(Excerpts from a dataset)
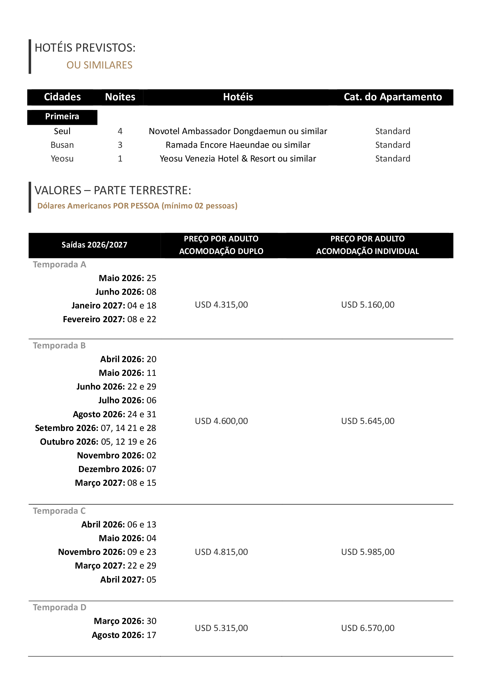 - Eticket aéreo para os trechos: Seul / Busan + Yeosu / Seul – (classe econômica, emitidos e entregues pelo operador local);
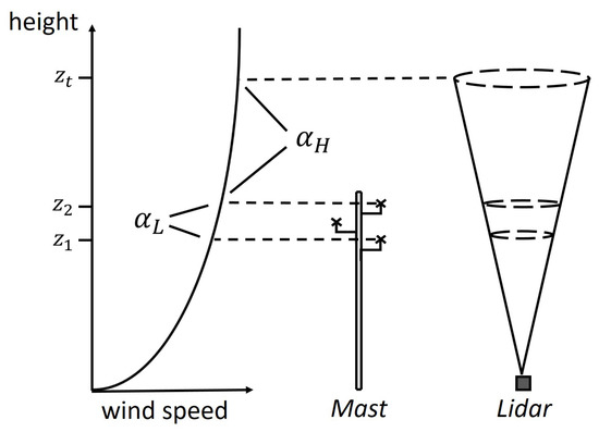 - Average PLEOne of the main issues of a mast-based extrapolation using the power law is that the measured often does not reflect the wind shear above the mast top accurately (i.e., in Figure 1). When a short-term lidar measurement is carried out next to the mast, the power law exponent in the height range between the mast top and the target height, , can be measured directly (see Figure 1). The simplest approach is to derive an average from the short-term lidar data and to use it for the extrapolation (i.e., ). The mean value of is calculated by averaging the 10-min wind speeds within the lidar measurement period and applying Equation (1). The wind shear measured in the height range of the mast is disregarded completely in this extrapolation strategy.
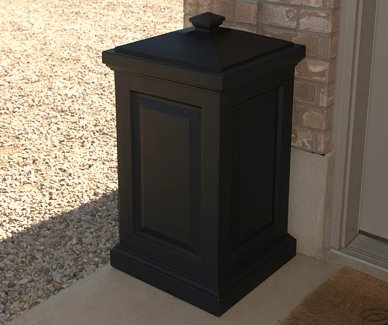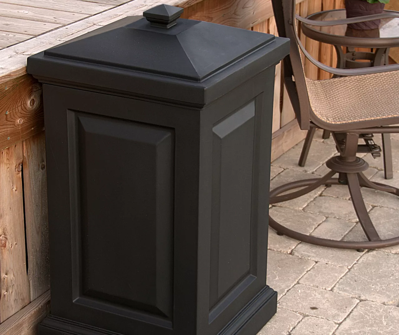 Mayne’s multi-purpose storage bin offers a perfect blend of elegant style and functionality. This black waste bin is ideal for a backyard or anywhere outdoors and includes a set of hooks to hang your waste bag within. It’s also versatile way to hide children’s toys, gardening tools, bird seed, or bags of salt for the winter months.
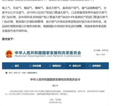在“管住中间、放开两头”的产业改革总思路下,天然气定价机制近年经历了多次改革,标志性拐点是国家发改委在2020年3月发布了新版《中央定价目录》,将天然气门站价格由目录移出至附注,并提出“具备竞争条件省份天然气的门站价格,由市场形成”。新版目录附注规定,LNG、海上气、页岩气、煤层气等气源价格由市场定价,国产陆上气以及2014年之前进口气价格,仍按政府规定的门站价执行。明确上游气源价格部分放开。
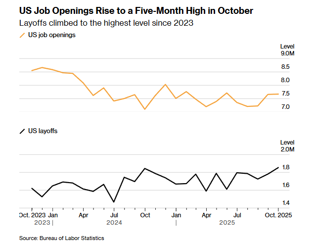 Meanwhile, the number of layoffs in October rose to 1.85 million, the highest since early 2023. Dismissals increased in leisure and hospitality and in manufacturing. Hiring declined by 218,000 from the month prior to 5.15 million.
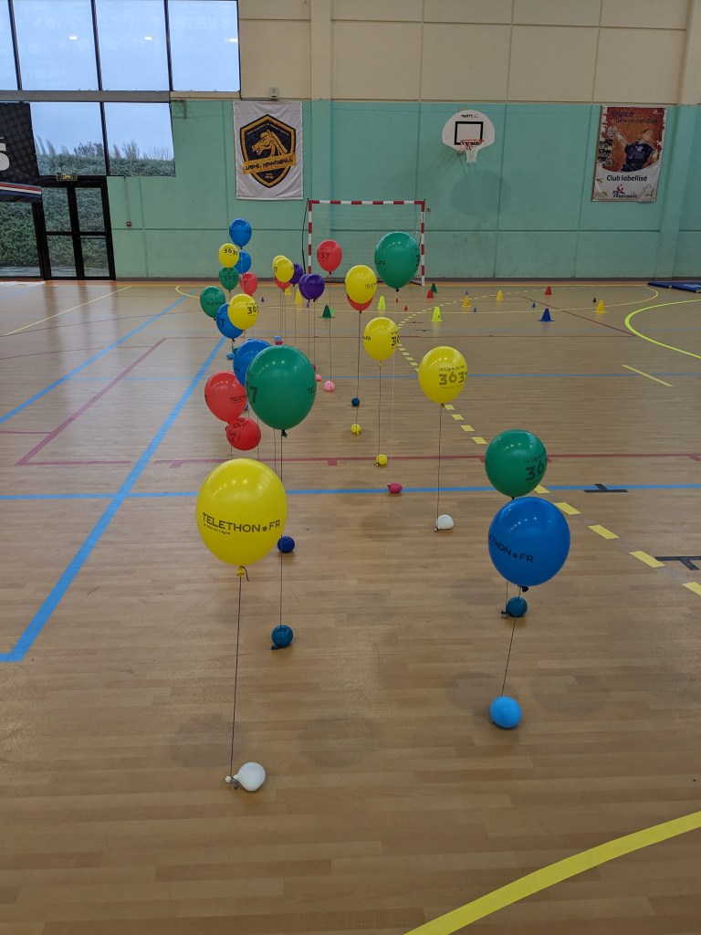 Disposer un grand nombre de plot en fin de parcours et le même nombre de ballon gonflé à l’hélium en début de parcours.

### REQUIRED WORK
Every record above must be given again exactly; drop the pictures.

### TASK RESULT
 - Eticket aéreo para os trechos: Seul / Busan + Yeosu / Seul – (classe econômica, emitidos e entregues pelo operador local);
 - Average PLEOne of the main issues of a mast-based extrapolation using the power law is that the measured often does not reflect the wind shear above the mast top accurately (i.e., in Figure 1). When a short-term lidar measurement is carried out next to the mast, the power law exponent in the height range between the mast top and the target height, , can be measured directly (see Figure 1). The simplest approach is to derive an average from the short-term lidar data and to use it for the extrapolation (i.e., ). The mean value of is calculated by averaging the 10-min wind speeds within the lidar measurement period and applying Equation (1). The wind shear measured in the height range of the mast is disregarded completely in this extrapolation strategy.
 Mayne’s multi-purpose storage bin offers a perfect blend of elegant style and functionality. This black waste bin is ideal for a backyard or anywhere outdoors and includes a set of hooks to hang your waste bag within. It’s also versatile way to hide children’s toys, gardening tools, bird seed, or bags of salt for the winter months.
在“管住中间、放开两头”的产业改革总思路下,天然气定价机制近年经历了多次改革,标志性拐点是国家发改委在2020年3月发布了新版《中央定价目录》,将天然气门站价格由目录移出至附注,并提出“具备竞争条件省份天然气的门站价格,由市场形成”。新版目录附注规定,LNG、海上气、页岩气、煤层气等气源价格由市场定价,国产陆上气以及2014年之前进口气价格,仍按政府规定的门站价执行。明确上游气源价格部分放开。
 Meanwhile, the number of layoffs in October rose to 1.85 million, the highest since early 2023. Dismissals increased in leisure and hospitality and in manufacturing. Hiring declined by 218,000 from the month prior to 5.15 million.
 Disposer un grand nombre de plot en fin de parcours et le même nombre de ballon gonflé à l’hélium en début de parcours.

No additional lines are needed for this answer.